The sequel assumes that the viewer knows who does what and where, then throws in a few more chapters of convoluted set-up, enough to make a viewer long for the kind of spandex hero movie in which an average guy is bitten by a radioactive spider then wakes up able to save the world.
Fans of the comic series will rejoice to see the film stick to scripture, bringing in the Dark Elf villain Malekith (Christopher Eccleston, under heavy prosthetics), who first appeared in the comic book series in 1984.
Those who do not care for comics and who show up just to see Chris Hemsworth do battle (or take off his shirt, as he does in one scene) will not be disappointed: The film opens with a war between the gods and the Dark Elves, and carries on with more loud, PG13-grade laser beam gun battles throughout.
There is a cool swirly computer effect whenever the elves deploy a matter- warping bomb. To add more eye candy to the already overwhelming 3-D sword- and-sorcery spectacle, the elves commute in hyper-agile spacecraft, useful to have in several videogame-style chase scenes - the sort done in every other science-fiction movie.

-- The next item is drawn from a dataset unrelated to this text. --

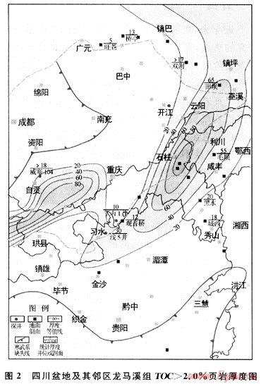 基于TOC含量是頁巖氣藏形成最基本的地質要素觀點,編制的TOC>2.0%的黑色頁巖累計厚度等值圖說明了以下幾點:①川東石柱-鄂西利川、川南瀘州和川北鎮(zhèn)巴地帶是四川盆地下志留統龍馬溪組海相頁巖最發(fā)育,也是頁巖氣藏形成最有利分布區(qū);②四川盆地及其鄰區(qū)下志留統龍馬溪組海相頁巖有機質豐度分布高值區(qū)(即優(yōu)質源巖發(fā)育區(qū))明顯受控于海灣深水陸棚沉積相體系,表明有利沉積相帶控制優(yōu)質烴源巖韻發(fā)育。

In between, there are far too many of the dreaded "whys" to be explained: Why Thor has not been in touch with Jane, why the Elves have come back, why some are able to break out of the Asgard's transparent and supposedly unbreakable dungeon.
Herein lies another problem, one found in poorly written fantasy fiction: It uses one myth to create a dramatic problem, then uses another to fix it.
Director Alan Taylor comes to the project with a background in critically acclaimed television shows such as Boardwalk Empire, Nurse Jackie and, more pertinently, Game Of Thrones, which, like this movie, features leather, swords and clan warfare.
Taylor packs in several episodes' worth of characters here; far too many have walk-ons, then disappear entirely.
The film's two key villains, the elves and Loki (Hiddleston), are puzzlingly underdeveloped. This, with the ham-fisted piling-on of mythology, makes this movie fall short of the charm and broad appeal found in recent Marvel works The Avengers and Iron Man 3.